The EWAOL integration tests provide a mechanism to validate that an image has functionality that is compliant with the EWAOL project, where the meta-ewaol-tests Yocto layer is independently available for inclusion in any desired Yocto image build process.

Currently, run-time integration tests are provided for validating the functionality of:

  • Container Engine (Docker, Podman)

  • K3S Container Orchestration

These integration tests are described later in this document.

To support building and validating EWAOL images within CI environments, a Python wrapper script is provided at tools/build/kas-ci-build.py that runs a containerized kas command via Docker, and initializes sensible defaults for CI purposes.
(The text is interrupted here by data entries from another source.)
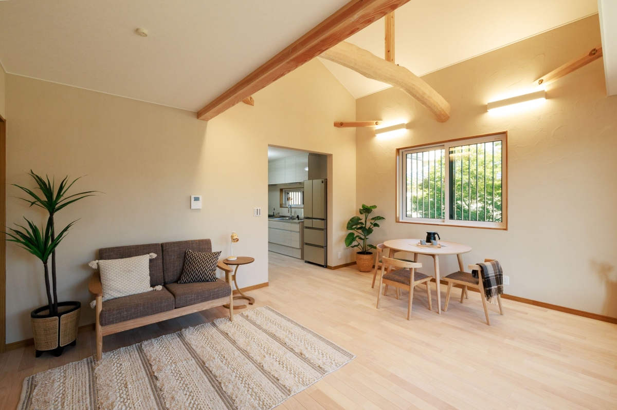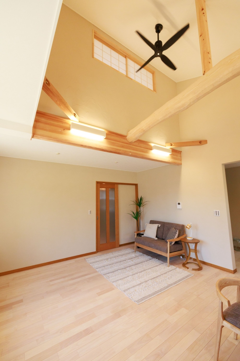 吹き抜けのあるリビングは、松の丸太梁が印象的な開放感あふれる場所。上下階をゆるやかにつなぎ、家族の気配を感じながらも、それぞれが心地よい距離感で過ごせるよう計画しました。
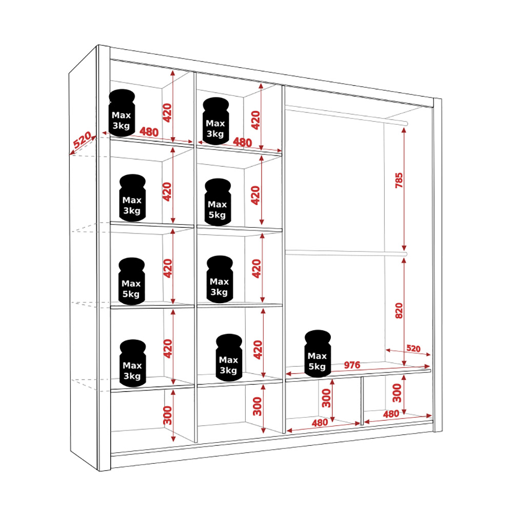 Šatní skříň Bono SZ200 disponuje 9 policemi a 2 šatními tyčemi. Ke skříni doporučujeme objednat i kontejner (skříňka se zásuvkami). Vnitřní část skříne je také v odstínu artisan.
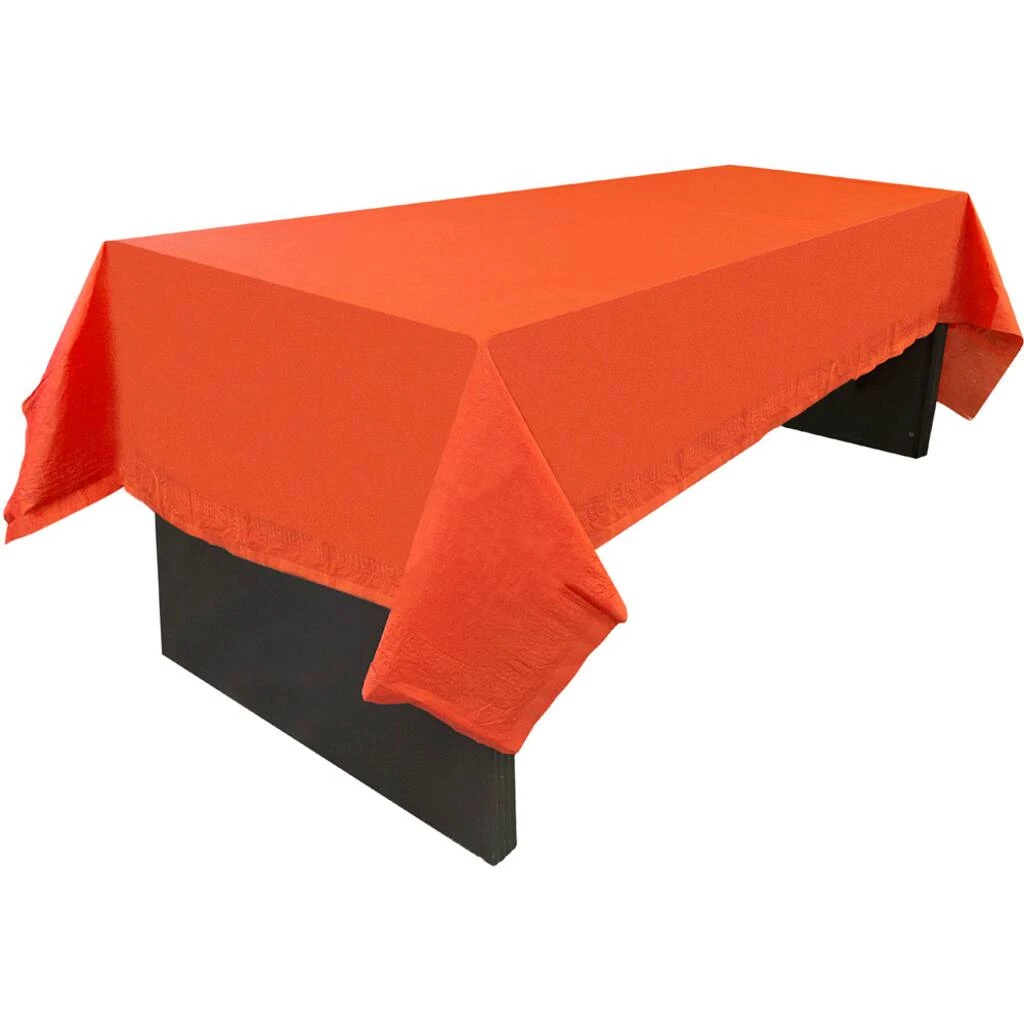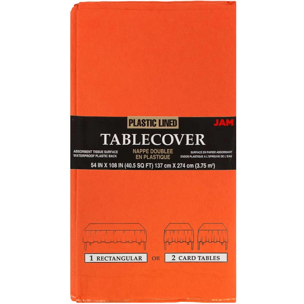 This bright orange table cover is ideal for your fall festivities. Simply drape it over a rectangular table or two card tables– you’ll be ready to party without the worry of cleaning up afterwards.
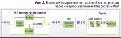 Когда ИБП переменного тока работает в экономичном режиме (рис. 2), его КПД повышается за счет шунтирования преобразования в инверторе. Однако это снижает надежность системы, так как критически важные нагрузки не будут изолированы от общей сети питания и колебаний напряжения, обычно сглаживаемых с помощью инвертора, а для обеспечения надежного перехода на последний требуются сложные цепи синхронизации. К тому же необходимо обеспечить быстрое включение инвертора в случае отключения питания и изолирование сети электропитания для предотвращения возникновения обратного тока в системе распределения. Независимо от скорости и надежности такого переключения риск его отказа в критический момент все равно существует.
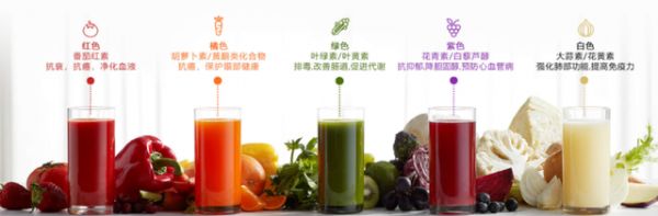 水果蔬菜中除红、橘、绿、紫、白五色植物营养素外,更含有丰富的营养物质,各种酵素、维生素、植物化学素、矿物质和膳食纤维。在日常搭配中,可根据季节、个人口味和体质的不同,进行搭配。对于牙齿不好的老人、放疗病人、小孩、做了胃肠道手术的患者、有严重妊娠反应的孕妇等人群,易消化果蔬汁可帮助他们促进蔬菜水果营养成分的摄入,帮助提高自身抵抗力。
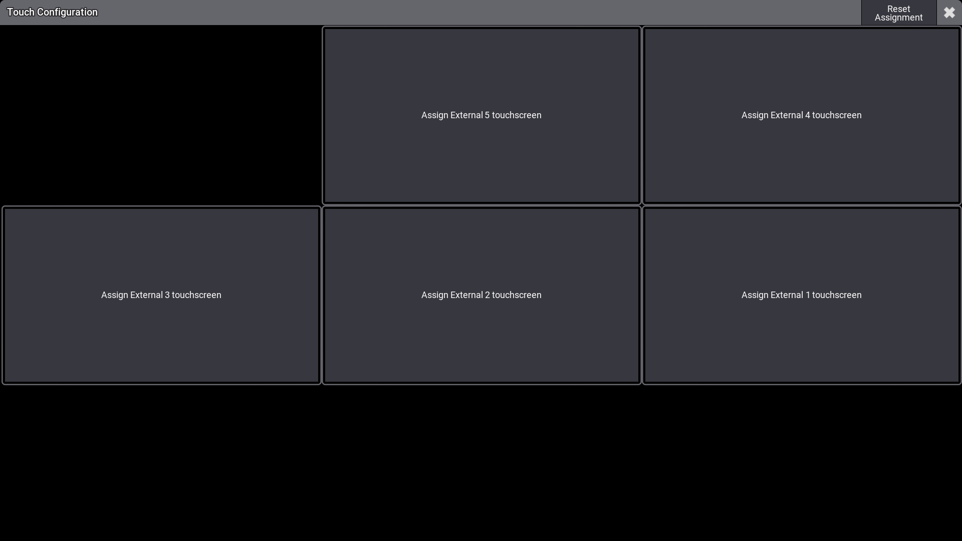 - To assign a touch input to a monitor, tap a monitor button in the touch configuration overlay. For example, Assign External 1 touchscreen.
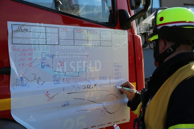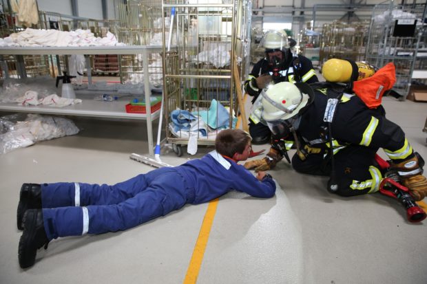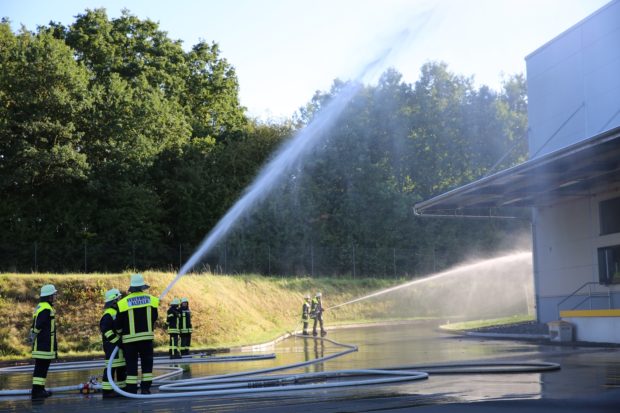 Stadtbrandinspektor Schäfer resümierte einen guten Verlauf des geplanten Einsatzes: „Die Übung hat funktioniert“. Er bedankte sich explizit für das zur Verfügung gestellte Übungsareal. Kirsten Kaage von der Geschäftsleitung der Wäscherei dankte den Übungsteilnehmern für ihr Engagement. „Es war beeindruckend die Arbeit der Feuerwehrleute aus der Nähe zu sehen“, sagte Kaage.

The script is highly-configurable, and is documented at CI Build Tool.

In this page, instructions are provided both for running the kas tool directly, as well as when using the provided Python wrapper script.

Building the Tests

As described in Image Builds, the tests can be included by appending ewaol-test to the build’s DISTRO_FEATURES variable and including the meta-ewaol-tests layer in the bitbake build, or simply by passing tests.yml as a build modifier for a kas build.

The tests are built as a Yocto Package Test (ptest), and implemented and executed using the Bash Automated Test Suite (BATS).
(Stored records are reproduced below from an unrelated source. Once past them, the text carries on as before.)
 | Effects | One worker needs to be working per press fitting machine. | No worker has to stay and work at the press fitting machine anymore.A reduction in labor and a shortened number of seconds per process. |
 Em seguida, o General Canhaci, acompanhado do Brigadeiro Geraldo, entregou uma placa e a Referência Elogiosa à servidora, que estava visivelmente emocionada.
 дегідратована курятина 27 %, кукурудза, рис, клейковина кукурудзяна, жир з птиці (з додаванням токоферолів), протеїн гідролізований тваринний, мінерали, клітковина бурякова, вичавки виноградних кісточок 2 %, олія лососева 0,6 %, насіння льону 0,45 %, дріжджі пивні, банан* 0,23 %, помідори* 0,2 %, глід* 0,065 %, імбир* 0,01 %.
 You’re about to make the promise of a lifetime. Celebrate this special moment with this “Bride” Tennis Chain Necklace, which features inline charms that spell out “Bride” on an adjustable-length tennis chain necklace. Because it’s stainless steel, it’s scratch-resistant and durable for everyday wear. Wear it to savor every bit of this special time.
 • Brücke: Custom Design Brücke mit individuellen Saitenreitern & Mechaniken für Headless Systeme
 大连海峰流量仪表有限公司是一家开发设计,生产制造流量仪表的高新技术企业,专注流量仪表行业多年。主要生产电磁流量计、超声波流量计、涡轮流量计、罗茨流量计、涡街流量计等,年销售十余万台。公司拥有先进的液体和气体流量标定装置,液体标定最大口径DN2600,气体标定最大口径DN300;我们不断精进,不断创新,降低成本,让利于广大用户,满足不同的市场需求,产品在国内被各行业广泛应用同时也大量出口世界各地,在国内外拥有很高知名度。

N1SDP: Build Image Including Tests

To build images which include tests for the N1SDP board, follow the same process as described in Build for N1SDP, but append an additional configuration file meta-ewaol-config/kas/tests.yml to the kas build command.

Therefore, to build images which include EWAOL validation tests for N1SDP:

  • Using kas directly:

    kas build meta-ewaol-config/kas/n1sdp.yml:meta-ewaol-config/kas/tests.yml
    
  • Using tools/build/kas-ci-build.py:

    ./tools/build/kas-ci-build.py n1sdp.yml:tests.yml
    

To deploy the generated images on the board, please refer to the Deploy on N1SDP section.

To execute the tests please refer to N1SDP: Running Tests.

Running the Tests

Once the tests are built and the image booted, they can be run on the target using the ptest framework via:

ptest-runner [test-suite-id]

If the test suite identifier is omitted, all integration tests will be run.

Alternatively, the tests may be run as a standalone BATS script, via a runner script included in the test suite directory:

/usr/share/[test-suite-id]/run-[test-suite-id]

Upon completion of the test-suite, a result indicator will be output by the script, as one of two options: PASS:[test-suite-id] or FAIL:[test-suite-id].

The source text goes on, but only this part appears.